Beyond the Headline: NC Needs Independent Regulators
Meanwhile, GDC Group founder and CEO Charles Gillespie took to the opinion pages of the Carolina Journal to call for the creation of an independent regulatory body separate from the North Carolina Lottery.
“The North Carolina Education Lottery has served the state well as a lottery operator but is not equipped to handle the complexities of regulating the expanded retail and digital casino options being considered by the legislature,” Gillespie wrote. “Furthermore, the lottery’s role as a purveyor of gambling products is a direct conflict of interest with their role to regulate competing gaming interests.”

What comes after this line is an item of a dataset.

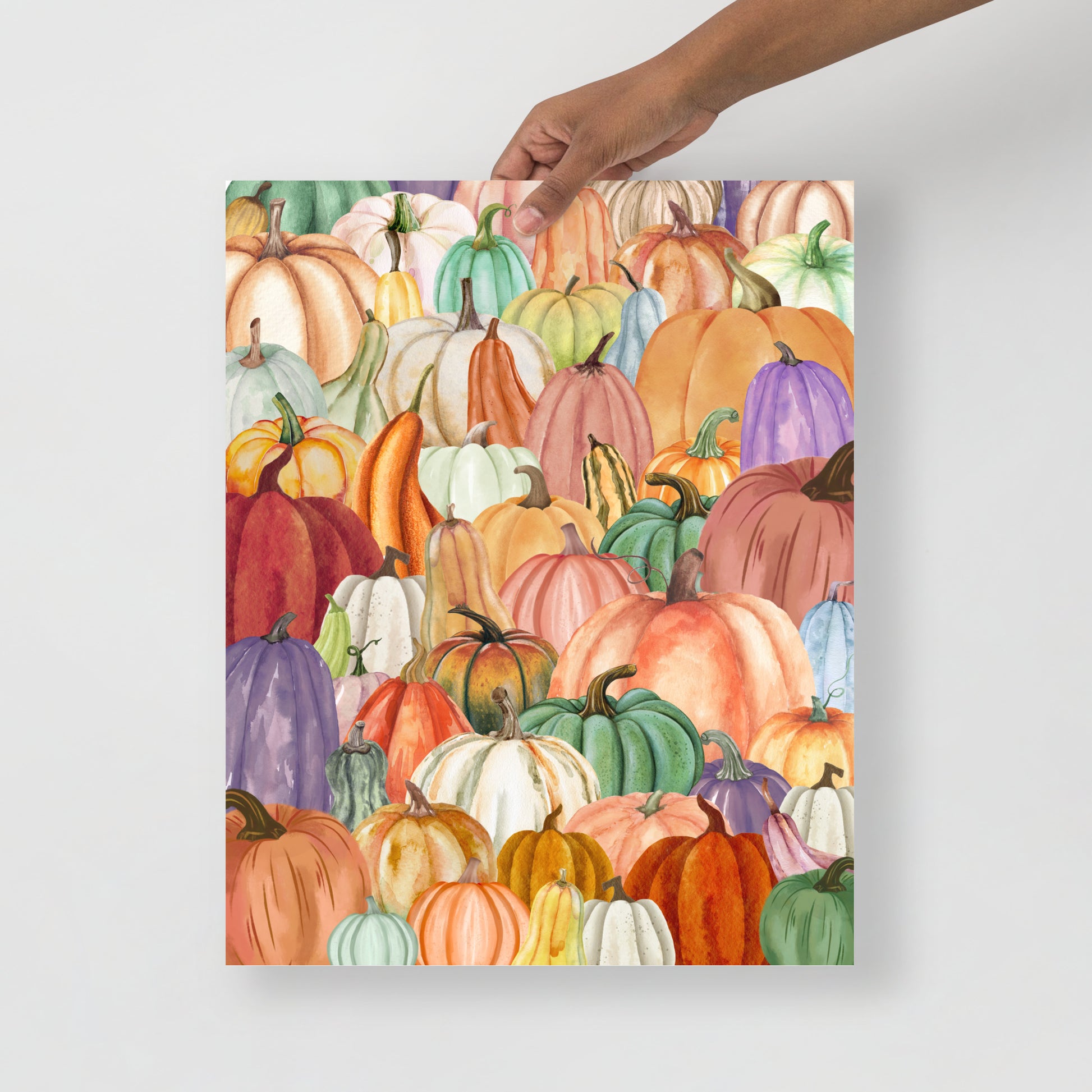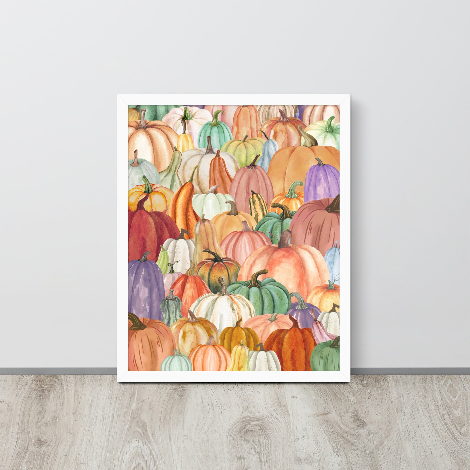 Celebrate the beauty of autumn with this vibrant pumpkin patch wall art print. Featuring a charming collection of watercolour pumpkins in warm harvest tones and soft pastel shades, this artwork brings the cosy feeling of fall straight to your home. Perfect for seasonal decorating, this pumpkin print makes a stunning addition to your living room, kitchen, entryway, or gallery wall. A beautiful way to embrace autumn, Halloween, and cosy vibes.

As Gillespie notes, the Lottery’s mission statement is to maximize lottery revenue, which he believes is in direct competition with other forms of gambling, particularly the soon-to-be-released online instant win games.
Gillespie makes a strong case, and I’m always in favor of better, more streamlined regulation. However, I would point out that I don’t believe these products are in direct competition. There is some overlap between all forms of gambling, but lottery products and online casino games can live in harmony, as they do in Michigan and Pennsylvania.
Latest on the Florida Front
West Flagler has unsurprisingly requested “to stay the issuance of the mandate in the Florida sports betting appeal pending the resolution of its forthcoming petition for writ of certiorari with the United States Supreme Court,” per Daniel Wallach.
In its petition, West Flagler said the ruling could be used as precedent by tribes in other states to expand gambling, writing, “The Panel Opinion thus enables an extreme shift in public policy on legalized gaming that, once started, may be difficult to stop. It, therefore, is in the public interest to preserve the status quo with respect to online gaming until such time as the Supreme Court has had a chance to review the Appellees’ petition for a writ of certiorari.”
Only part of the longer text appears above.